This is the step nobody talks about. Once you have your SOP and your research, you give both to Claude along with context about your business. Then you tell it to ask you as many questions as it needs to clarify your intent and personalize the solution.

Claude has a built-in feature called Ask User Input that presents structured questions you can click through, including multiple choice, ranking, and open-ended prompts. It turns what would be a messy back-and-forth into a focused interview. But any LLM can do a version of this through text-based Q&A. The key is the same: instead of trying to write the perfect prompt, let the AI surface what it doesn't know. It will find gaps you didn't realize existed.

Step 4: Let AI Build It

Steps 1 through 3 are the thinking work. Step 4 is where the work gets done.
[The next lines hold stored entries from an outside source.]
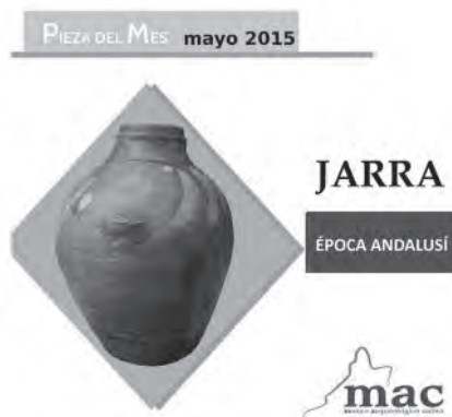
Lám. 9. Portada de la ficha de la pieza del mes.

Abril – Fragmento de escultura-fuente de Época Romana (Marchenilla).
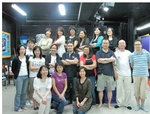
A group of smart English Teachers
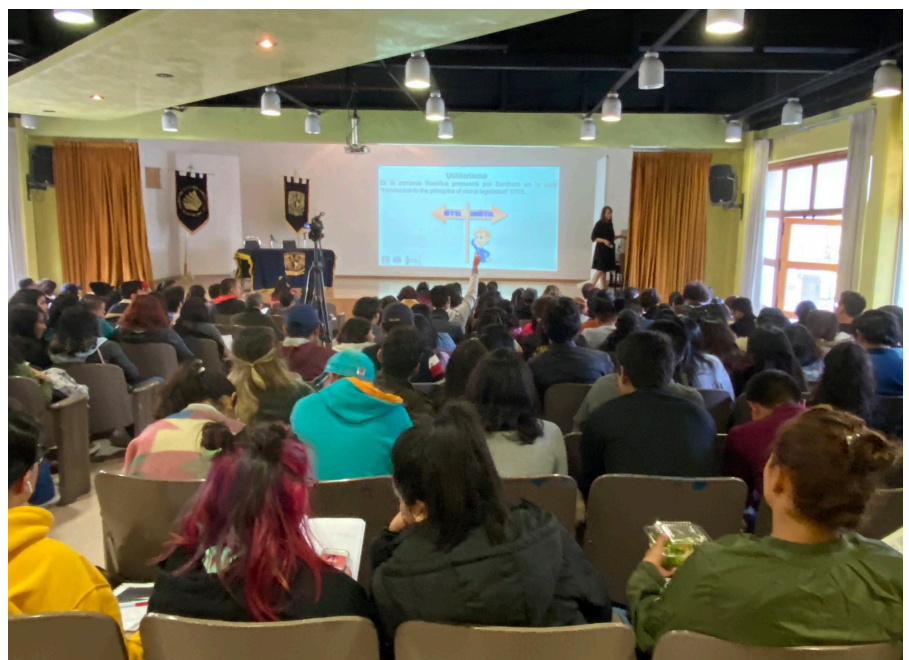
La Cátedra constará de 15 sesiones.

Al finalizar la presentación, explicó que “debe ser laica, pues busca llegar a acuerdos [...]; refiere a la vida, y no sólo a la vida humana, sino también a la de animales y plantas, e incluso a la de entes inanimados como piedras o mares” , y cuenta con “un principio limitativo de acciones [...], donde el mínimo es no dañar la vida” . 🌱

Six months ago, we were still in the chatbot era. You could ask AI questions and get drafts and summaries. But you couldn't hand it a plan and say "go execute this." That changed. Coding agents like Claude Code, GPT Codex, and Manus can now write software, build automations, configure integrations, and deploy systems. Browser-based agents can navigate websites, fill forms, pull data, and take actions in any software you can access through a screen. MCP connectors are becoming the standard way agents plug into your existing tools: your CRM, your email, your spreadsheets, your project management platform.
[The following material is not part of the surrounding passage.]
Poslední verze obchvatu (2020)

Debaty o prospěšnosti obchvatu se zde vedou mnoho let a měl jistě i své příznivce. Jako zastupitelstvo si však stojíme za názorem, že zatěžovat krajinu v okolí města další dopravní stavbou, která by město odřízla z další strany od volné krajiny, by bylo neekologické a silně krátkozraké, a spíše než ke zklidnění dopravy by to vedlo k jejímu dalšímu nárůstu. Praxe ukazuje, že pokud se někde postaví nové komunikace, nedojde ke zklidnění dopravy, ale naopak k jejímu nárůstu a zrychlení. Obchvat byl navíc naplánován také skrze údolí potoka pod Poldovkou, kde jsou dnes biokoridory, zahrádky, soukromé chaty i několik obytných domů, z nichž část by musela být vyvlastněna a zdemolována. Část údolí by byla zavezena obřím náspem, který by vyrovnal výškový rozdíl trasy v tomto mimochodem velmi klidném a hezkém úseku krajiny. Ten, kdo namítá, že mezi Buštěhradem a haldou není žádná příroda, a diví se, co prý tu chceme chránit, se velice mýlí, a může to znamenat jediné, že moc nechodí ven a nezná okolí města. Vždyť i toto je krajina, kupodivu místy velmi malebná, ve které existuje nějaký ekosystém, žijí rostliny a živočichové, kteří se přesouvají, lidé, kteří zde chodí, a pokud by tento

In practice, a single build often uses all three. When I built my voice interview agents, Claude configured the post-call analysis pipeline through API connectors, navigated the ElevenLabs dashboard in a browser to set webhook URLs and test the configuration, and then flagged the pieces that needed me: setting up the Google Drive folder structure and granting the right permissions. Connector, browser, human. Each one handled the part it was best suited for.

Step 5: Iterate

Nothing works perfectly the first time. But the iteration cycle is hours, not weeks. Every week, the ecosystem expands. New connectors, new plugins, new capabilities. Skills you create become reusable. Each build compounds into the next one.

The ability to think in processes is quickly becoming the dividing line between people who use AI and people who build with it. And that's a skill, not a talent.

Beyond Business: The Framework Travels

I almost called this article "How to Do Almost Anything with AI." Here's why.

My wife and I are building a grocery and meal planning system. Same five steps.

The problem: meal planning and ordering eat hours every week. The process: we mapped months of ordering patterns, recurring staples, dietary preferences, and the approval workflow we actually follow.

The research: how our delivery platform handles automation, what can be triggered by API versus what needs a browser. The AI interview: Claude asked us dozens of questions about preferences and edge cases we hadn't thought through.

The build: an automation that pre-populates our cart, schedules meals, tracks recurring items, and texts us both on Thursday night with the proposed order. If we approve, it goes into the cart for delivery.

The framework doesn't care whether the problem is business or personal. The Wall Street Journal recently reported on this exact trend: people using AI agents to compare insurance plans, order groceries, build running coaches, and track household chores.

But here's the finding that stuck with me. Researchers from UCLA, Stanford, and USC studied what people actually do with time AI gives them back. Most of them just game, scroll social media, and stream video.

That's the gap this framework closes. Without a process for applying AI, you get marginal convenience. With one, you get leverage.

Your Starting Point

A single person, with curiosity, persistence, and the ability to think in processes, can achieve dramatically more than they could have imagined six months ago. I'm living it.

What's the process in your business, or your life, that eats your time? That you've done a hundred times? That you could describe in steps?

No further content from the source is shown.